In Suva, the Pacific Regional Non-Governmental Organisations (PRNGOs) called for “calm and peace” blaming the unrest on the French government’s insistence on proceeding with proposed constitutional changes “expressly rejected by pro-independence groups”.
The alliance also reaffirmed its solidarity with the people of Kanaky New Caledonia in their ongoing peaceful quest for self-determination and condemned President Emmanuel Macron’ government for its “poorly hidden agenda of prolonging colonial control” over the Pacific territory.
“Growing frustration, especially among Kanak youth, at what is seen locally as yet another French betrayal of the Kanaky people and other local communities seeking peaceful transition, has since erupted in riots and violence in Noumea and other regions,” the PRNGOs statement said.
The alliance called on the United Nations and Pacific Islands Forum (PIF) leaders to send a neutral mission to oversee and mediate dialogue over the Nouméa Accords of 1998 and political process.
In Aotearoa New Zealand, Kia Mua declared it was “watching with grave concern” the Macron government’s attempts to “derail the process for decolonisation and usurp the Nouméa Accords”.
It also called for the “de-escalation of the militarised French response to Kanak dissent and an end to the state of emergency”.
‘Devastating nuclearism, militarism’
For more than 300 years, “Te Moananui a Kiwa [Pacific Ocean] has been subjected to European colonialism, the criminality of which is obscured and hidden by Western presumptions of righteousness and legitimacy.”
The devastating effects of “nuclearism, militarism, extraction and economic globalisation on Indigenous culture and fragile ecosystems in the Pacific are an extension of that colonialism and must be halted”.
The Oceanian Independence Movement (OIM) demanded an immediate investigation “to provide full transparency into the deaths linked to the uprising in recent days”.
It called on indigenous people to be “extra vigilant” in the face of the state of emergency and and to record examples of “behaviour that harm your physical and moral integrity”.
The MOI said it supported the pro-independence CCAT (activist field groups) and blamed the upheaval on the “racist, colonialist, provocative and humiliating remarks” towards Kanaks by rightwing French politicians such as Southern provincial president Sonia Backés and Générations NC deputy in the National Assembly Nicolas Metzdorf.
Constitutional rules
The French National Assembly last week passed a bill changing the constutional rules for local provincial elections in New Caledonia, allowing French residents who have lived there for 10 years to vote.
This change to the electoral reform is against the terms of the 1998 Noumea Accord.

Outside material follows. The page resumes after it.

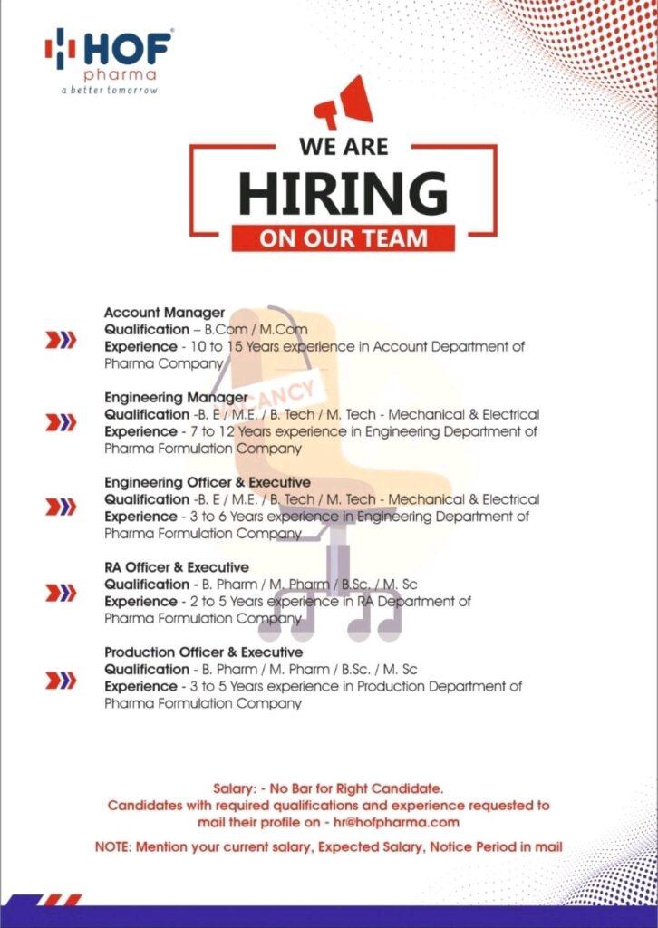 HOF Pharma hiring for Account Manager, Engineering Officer, Executive & Manager, RA Officer & Executive, Production Officer & Executive- Apply now

That pact had agreed that only the indigenous Kanak people and long-term residents prior to 1998 would be eligible to vote in provincial ballots and local referendums.

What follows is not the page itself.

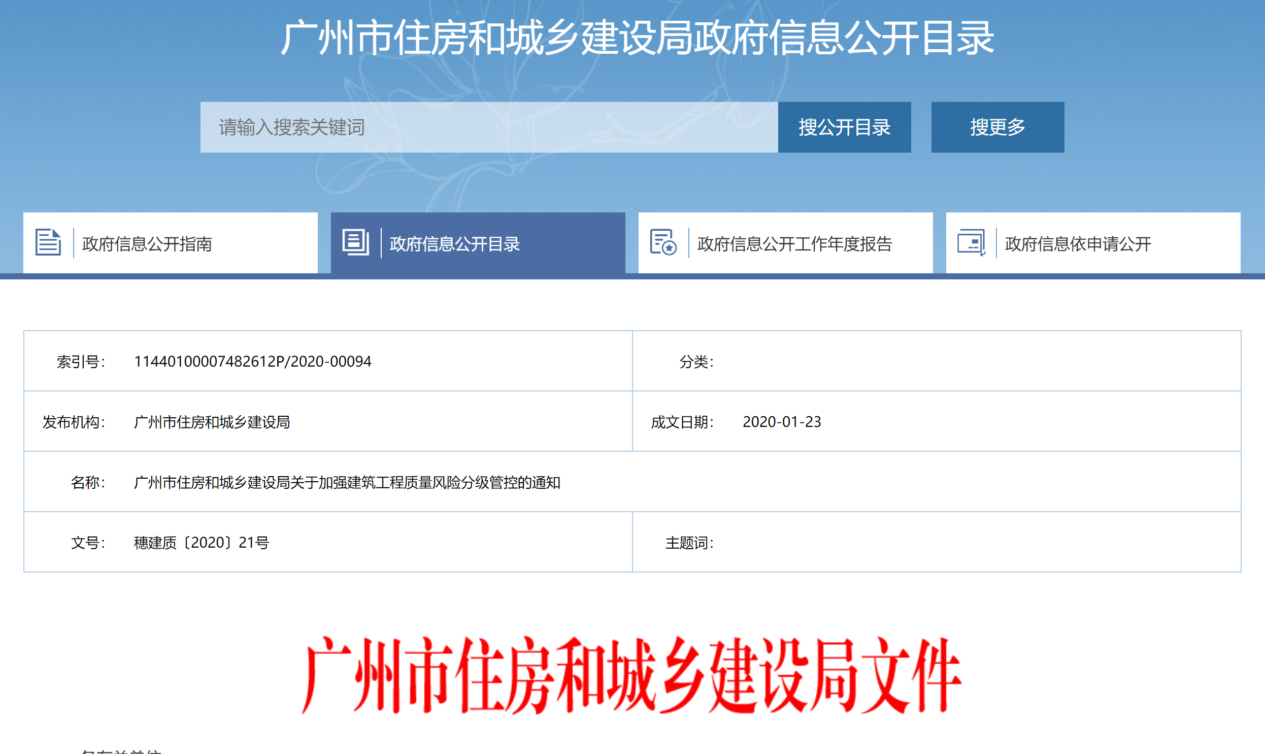 各有关单位: 为贯彻落实市政府《关于印发广州市工程建设项目审批制度改革试点实施方案的通知》(穗府〔2018〕12号)精神,进一步深化“放管服”改革,持续优化营商环境,加强工程质量事中事后监管,规范本市建筑工程质量风险管控工作,提升工程质量预控能力和水平,依据《建设工程质量管理条例》《工程质量安全手册(试行)》及《住房城乡建设部关于印发大型工程技术风险控制要点的通知》(建质函〔2018〕28号)

The bill has yet to be ratified by Congress, a combined sitting of the Senate and National Assembly. The change would add an additional 25,000 non-indigenous voters to take part in local elections, dramatically changing the electoral demographics in New Caledonia to the disadvantage of indigenous Kanaks who make up 42 percent of the 270,000 population.
Yesterday, in the far north of Kanaky New Caledonia’s main island of Grande Terre, a group gathered to honour 10 Kanaks who were executed by guillotine on 18 May 1868. They had resisted the harsh colonial regime of Governor Guillan.